INSTRUCTIONS FOR THE TASK ::
Give the listing again word for word, excluding the pictures it contains.

DATA EXTRACT ::
•••
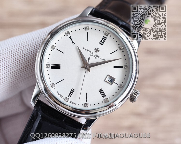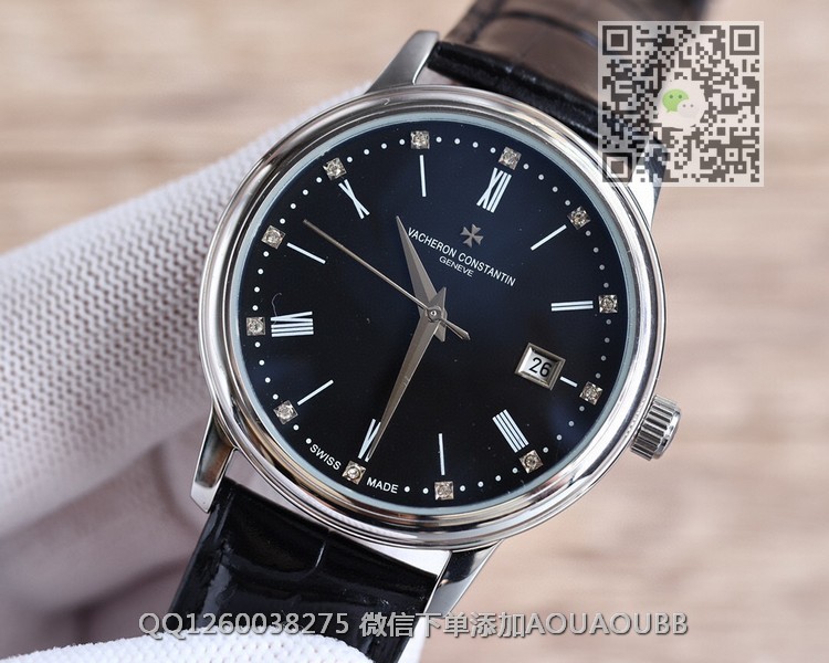 【品牌】江诗丹顿【产品介绍】江诗丹顿Vacheron Constanti高雅品位热卖爆款新品手表脱俗气质简约大方设计,应对任何场合都有强大的气场实物动人经典永恒 卓越品质【款式】男款【尺寸】40mmx10mm【表带】意大利牛皮表带【机芯】瑞士ETA全自动机械机芯【防水】50米【配件】原装盒,说明书,质保卡,吊牌,香港机打发票【品质检测】保证所有手表实物拍摄,所见即所得 , 手表发货前都会有严格检查测试,确保您收到的手表无质量问题
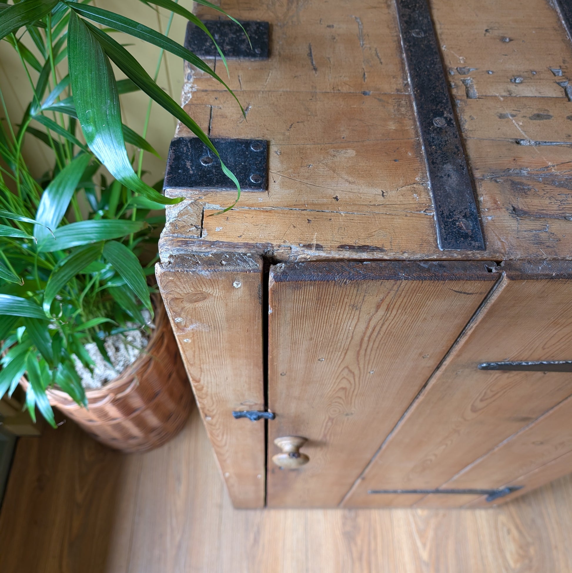For sale is this very handsome, very rustic, Victorian Pine Cupboard with metal banding. It's such a cool and unusual piece and definitely has the military or campaign look and feel. I think it has been converted from an old pine chest which on this specific piece works really well with the way the door opens and being made from pine tounge and groove planks. It's a really lovely piece beautiful yet practical and versatile. It comes in totally original condition I've just given it a clean and wax.
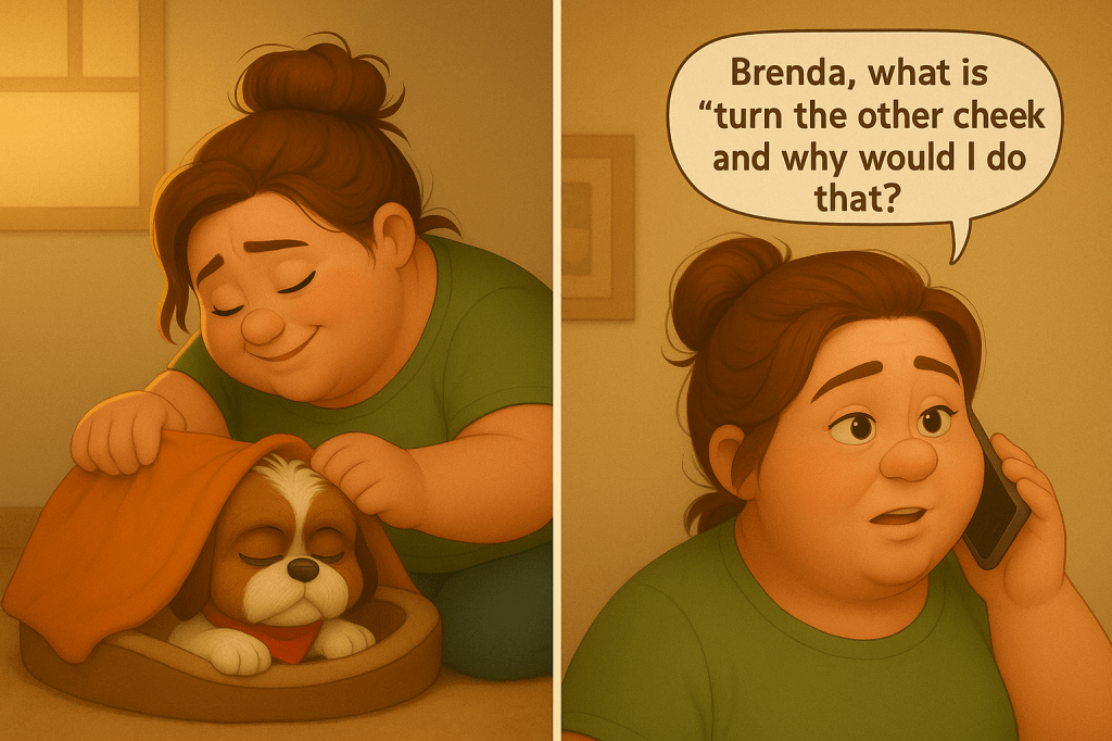“Hey Brenda… what does it mean to ‘turn the other cheek’? And, uh, do I really have to?”
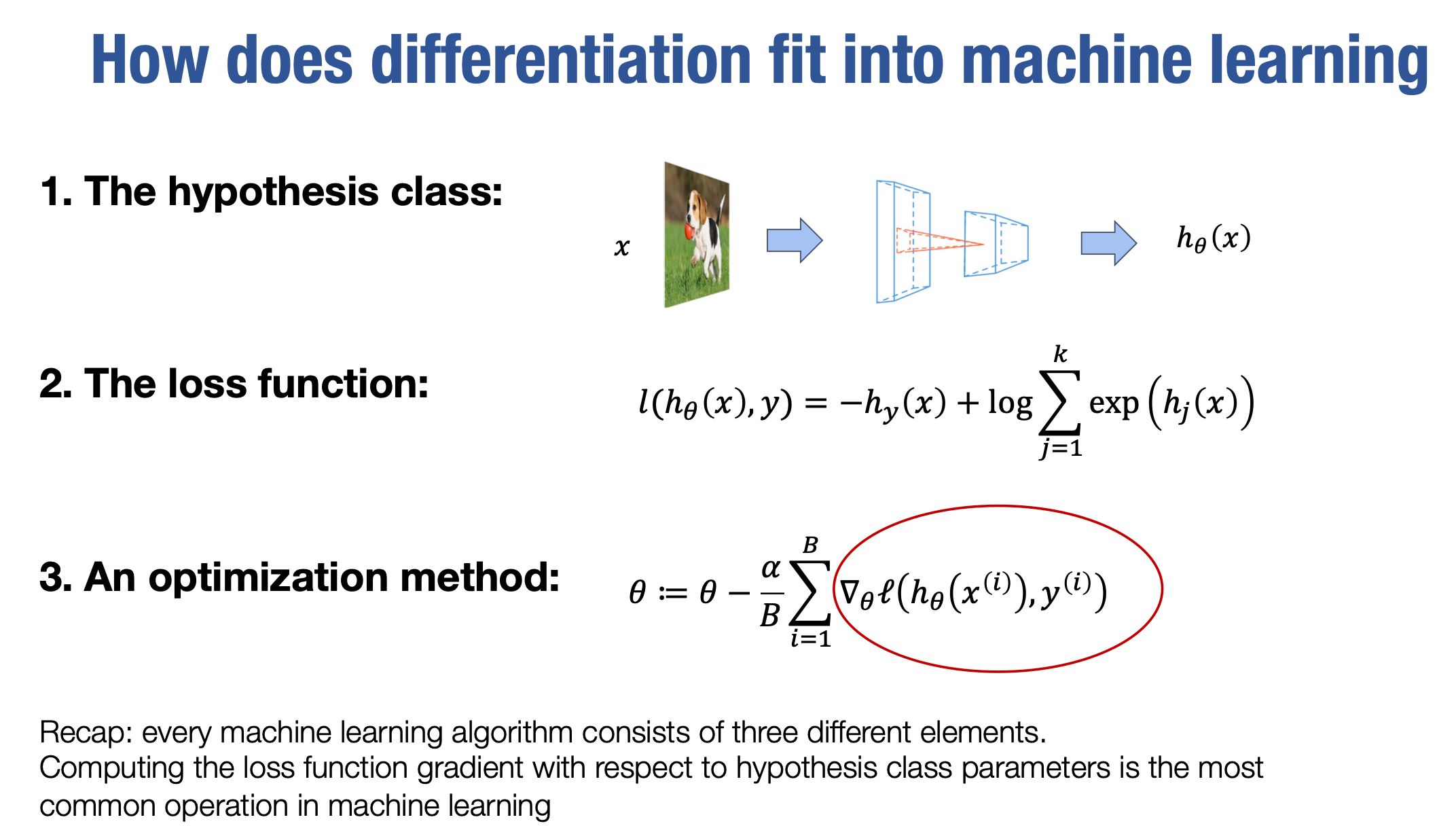 那么我们从第一个开始。自动微分如何适用于通用的机器学习工作流程呢?如果回想前两节课,我讲述了机器学习的基本要素,或者你可以考虑机器学习算法。通常情况下,我们需要从几个角度来思考。首先,我们需要考虑假设类别(hypothesis class),也就是针对给定的输入x,如何得到预测值。在前几节课中,我们讨论了多层感知机和单层感知机算法作为正常情况下的假设类别。在接下来的讲座中,我们将讨论不同的假设类别,如卷积神经网络(convolutional neural networks),Transformer和generative neural networks,它们可以将给定的输入转换为预测。当然,对于给定的假设类别,仍然有一些未确定的因素,具体而言,每个假设将由一组参数θ进行参数化,我们需要从训练数据中学习一个好的θ。因此,机器学习中的第二个要素通常是损失函数。损失函数定义了对于给定的假设类别和参数θ,我们的预测有多好。通常情况下,我们使用训练数据集来衡量。因此,我们将试图找到一组θ,使训练数据集上的损失函数最小化,然后我们将使用学习到的参数θ来对未来的数据集进行预测。损失函数是衡量我们的模型性能的元素。最后,对于给定的损失函数,我们仍然需要能够找到一个优秀的θ,使得损失函数最小化。这就是第三个角度的作用,也就是优化方法。大多数机器学习优化算法实际上都采用随机梯度优化的形式。我们会尝试计算损失函数相对于参数θ的梯度。梯度函数是一个指导方向,通常它会使损失函数稍微增加一点,我们的目标是减小它,对于小步长,我们会朝负梯度方向迈出一小步。我们使用的大多数方法通常也被称为随机梯度方法,这意味着我们不是尝试计算整个数据集上的梯度,而是从数据集中选择一个小批量样本,然后直接朝着该小批量上计算的梯度方向迈出一小步,这通常被称为随机梯度方法(stochastic gradient method)。
•••
RESULT ::
 【品牌】江诗丹顿【产品介绍】江诗丹顿Vacheron Constanti高雅品位热卖爆款新品手表脱俗气质简约大方设计,应对任何场合都有强大的气场实物动人经典永恒 卓越品质【款式】男款【尺寸】40mmx10mm【表带】意大利牛皮表带【机芯】瑞士ETA全自动机械机芯【防水】50米【配件】原装盒,说明书,质保卡,吊牌,香港机打发票【品质检测】保证所有手表实物拍摄,所见即所得 , 手表发货前都会有严格检查测试,确保您收到的手表无质量问题
For sale is this very handsome, very rustic, Victorian Pine Cupboard with metal banding. It's such a cool and unusual piece and definitely has the military or campaign look and feel. I think it has been converted from an old pine chest which on this specific piece works really well with the way the door opens and being made from pine tounge and groove planks. It's a really lovely piece beautiful yet practical and versatile. It comes in totally original condition I've just given it a clean and wax.
“Hey Brenda… what does it mean to ‘turn the other cheek’? And, uh, do I really have to?”
 那么我们从第一个开始。自动微分如何适用于通用的机器学习工作流程呢?如果回想前两节课,我讲述了机器学习的基本要素,或者你可以考虑机器学习算法。通常情况下,我们需要从几个角度来思考。首先,我们需要考虑假设类别(hypothesis class),也就是针对给定的输入x,如何得到预测值。在前几节课中,我们讨论了多层感知机和单层感知机算法作为正常情况下的假设类别。在接下来的讲座中,我们将讨论不同的假设类别,如卷积神经网络(convolutional neural networks),Transformer和generative neural networks,它们可以将给定的输入转换为预测。当然,对于给定的假设类别,仍然有一些未确定的因素,具体而言,每个假设将由一组参数θ进行参数化,我们需要从训练数据中学习一个好的θ。因此,机器学习中的第二个要素通常是损失函数。损失函数定义了对于给定的假设类别和参数θ,我们的预测有多好。通常情况下,我们使用训练数据集来衡量。因此,我们将试图找到一组θ,使训练数据集上的损失函数最小化,然后我们将使用学习到的参数θ来对未来的数据集进行预测。损失函数是衡量我们的模型性能的元素。最后,对于给定的损失函数,我们仍然需要能够找到一个优秀的θ,使得损失函数最小化。这就是第三个角度的作用,也就是优化方法。大多数机器学习优化算法实际上都采用随机梯度优化的形式。我们会尝试计算损失函数相对于参数θ的梯度。梯度函数是一个指导方向,通常它会使损失函数稍微增加一点,我们的目标是减小它,对于小步长,我们会朝负梯度方向迈出一小步。我们使用的大多数方法通常也被称为随机梯度方法,这意味着我们不是尝试计算整个数据集上的梯度,而是从数据集中选择一个小批量样本,然后直接朝着该小批量上计算的梯度方向迈出一小步,这通常被称为随机梯度方法(stochastic gradient method)。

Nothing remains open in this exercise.